La première polémique française de 2015 aura donc été… économique. En refusant la Légion d’honneur qui lui a été décernée dans la promotion du 31 décembre par le Ministère de l’éducation, Thomas Piketty a fait acte de défi. Plutôt que de juste refuser de recevoir la décoration, l’auteur du Capital au XXIe siècle (Seuil), vendu à plus d’un million d’exemplaires dans le monde, y est allé de deux commentaires cinglants. Le premier, pour estimer – comme l’avait fait jadis l’ancien patron du syndicat CFDT Edmond Maire – «que ce n’est pas à un gouvernement de décider ce qui est honorable». Le second, pour estimer que les responsables gouvernementaux «feraient bien de se consacrer à la relance de la croissance en France et en Europe».
Deux remarques acides dont les destinataires les plus évidents sont ceux que cet avocat d’une «révolution fiscale» a en vain tenté de convaincre du bien-fondé de ses thèses: le président François Hollande, le premier ministre Manuel Valls, et les ministres des Finances et de l’Economie, Michel Sapin et Emmanuel Macron. «On ne peut pas oublier qu’avant d’écrire son livre, Piketty s’est beaucoup impliqué dans les réflexions du PS, juge un de ses collègues à l’Ecole des hautes études en sciences sociales (EHESS). Il conseillait Ségolène Royal lors de sa campagne présidentielle de 2007, qui s’acheva par sa défaite face à Nicolas Sarkozy. Il estime que les sociaux-démocrates, en France, manquent de courage, d’audace et d’imagination, notamment en matière fiscale.»
Marquer sa différence
L’intéressé, joint par Le Monde à Boston où il réside actuellement, a démenti. « C’est un peu dommage qu’ils ne m’aient pas contacté avant, ça aurait évité tout ce pataquès (...) En même temps, c’est eux qui publient mon nom dans le Journal officiel sans un mot avant. Le plus simple aurait été un mail, un SMS, un coup de fil… Je leur aurais tout de suite dit que je n’en voulais pas. Et, franchement, ça n’a rien à voir avec l’opinion que je peux avoir de ce gouvernement». Tout en décochant une nouvelle flèche aussitôt après: «J’assume totalement ce que je pense de ce gouvernement, dont l’action ces deux dernières années a été catastrophique, et je n’ai pas besoin d’une Légion d’honneur pour le dire ou pour l’écrire». Le président français François Hollande, qui sera lundi matin l’invité de la radio France Inter, sera à coup sûr prié de réagir.....

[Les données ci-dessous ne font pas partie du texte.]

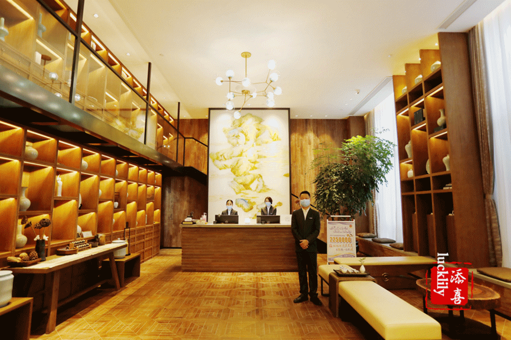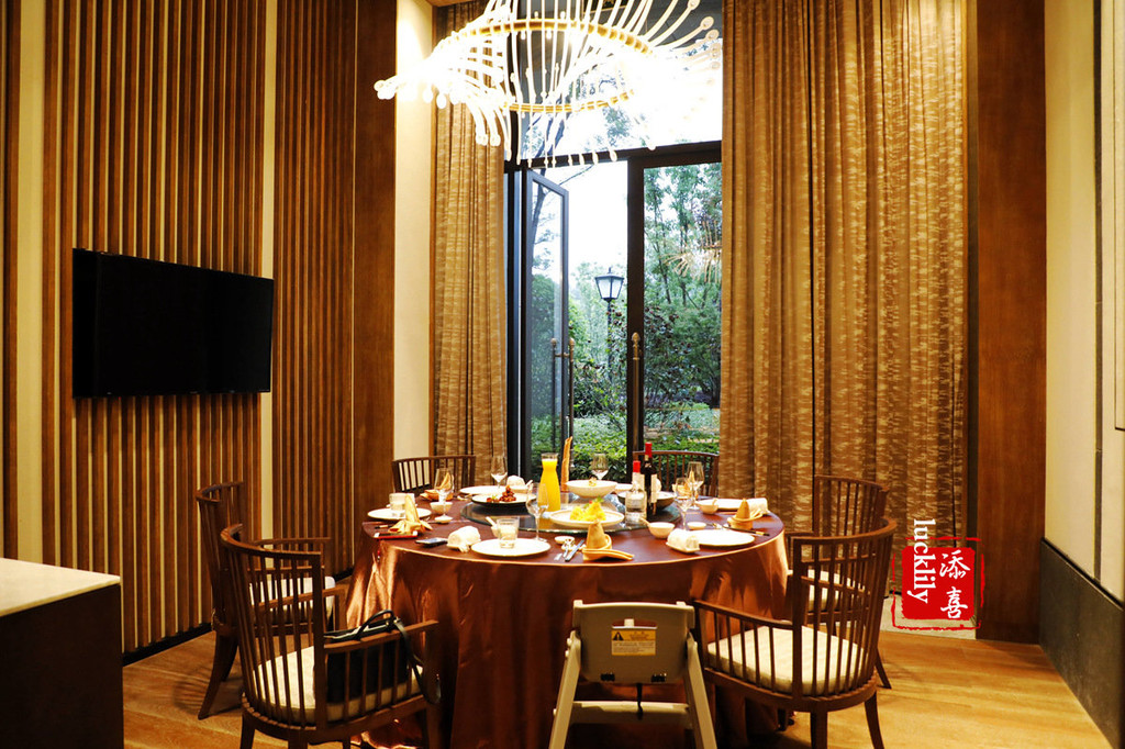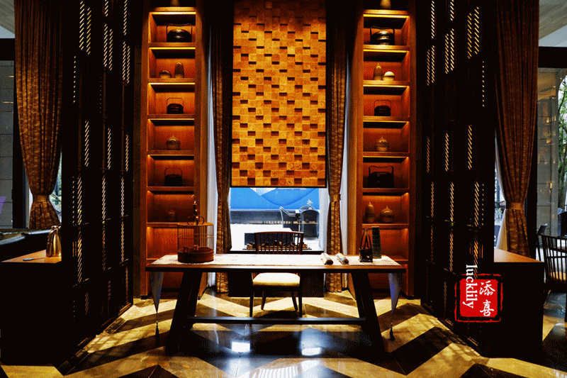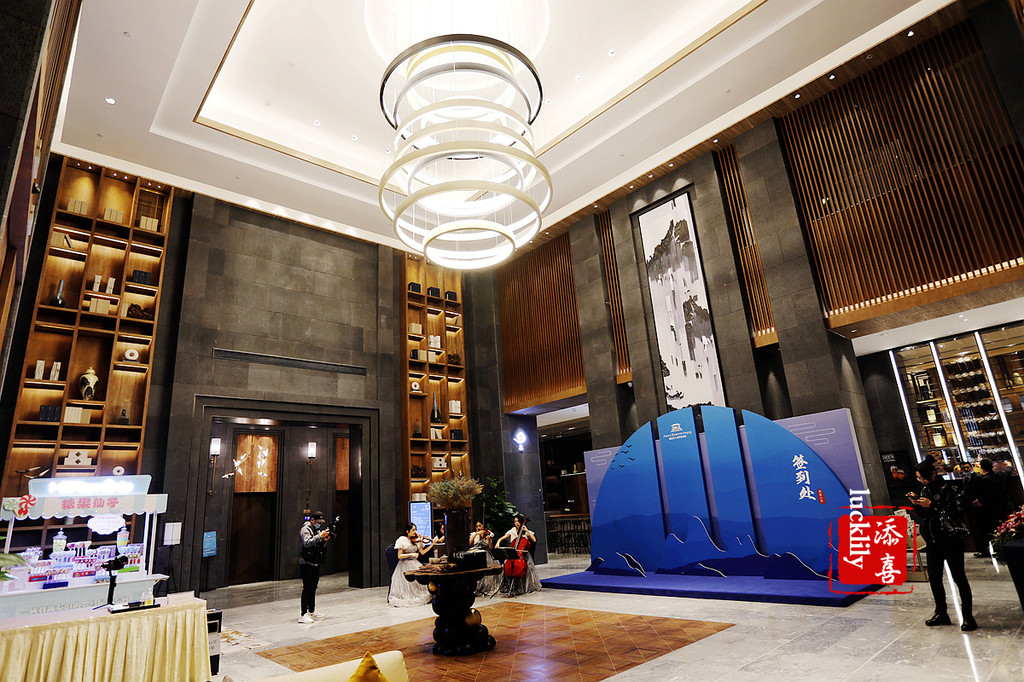 酒店及周边的住宅均为欧式建筑,酒店门前呈U型的欧式主题花园结构,酒店位于U型之心,两侧分别是各类商超和餐饮。酒店门庭高阔,入内后别有洞天,大厅设计完全以中式古风为重,有着厚重的书香气息。书画、盆裁、木雕、茶艺等中国文化精髓的载体在此相得益彰的完美呈现。前台另设在边厅,热毛巾、茶水、手工小食精致备侯,工作人员谦和有礼,业务办理过程优雅娴熟。

«Ses tournées à l’étranger lui ont démontré combien la classe dirigeante française est provinciale, reprend notre interlocuteur. Vu son succès, il peut se permettre maintenant de trier dans les honneurs en privilégiant ceux remis par ses pairs, comme le Prix Yrjö Jahnsson d’économie reçu en 2013.» Les rivalités entre intellectuels, toujours en vogue dans l’Hexagone, pourraient aussi expliquer son geste: le fougueux Piketty voulant à tout prix marquer sa différence avec l’autre économiste français vedette de 2013: le discret Prix Nobel toulousain Jean Tirole, élevé lui, le 31 décembre, au grade d’officier de la Légion d’honneur.
Les «frondeurs» du Parti socialiste, partisans d’un plus fort ancrage à gauche et résolus à combattre le projet de loi sur l’activité économique du très social-libéral Emmanuel Macron – attendu au parlement en janvier – seront sans doute ravis de son refus. D’autant que l’une de leurs meneuses, l’ex-ministre de la Culture, Aurélie Filipetti, eut dans le passé avec le chercheur une relation sentimentale orageuse, avant de convoler désormais avec l’ancien ministre du Redressement productif, Arnaud Montebourg. Mais gare aux confusions: «Piketty incarne une nouvelle figure d’intellectuel, nous expliquait en novembre la dirigeante des jeunes socialistes français Laura Slimani. Il veut pouvoir parler fort et s’adresser au grand public. Sans être récupéré.»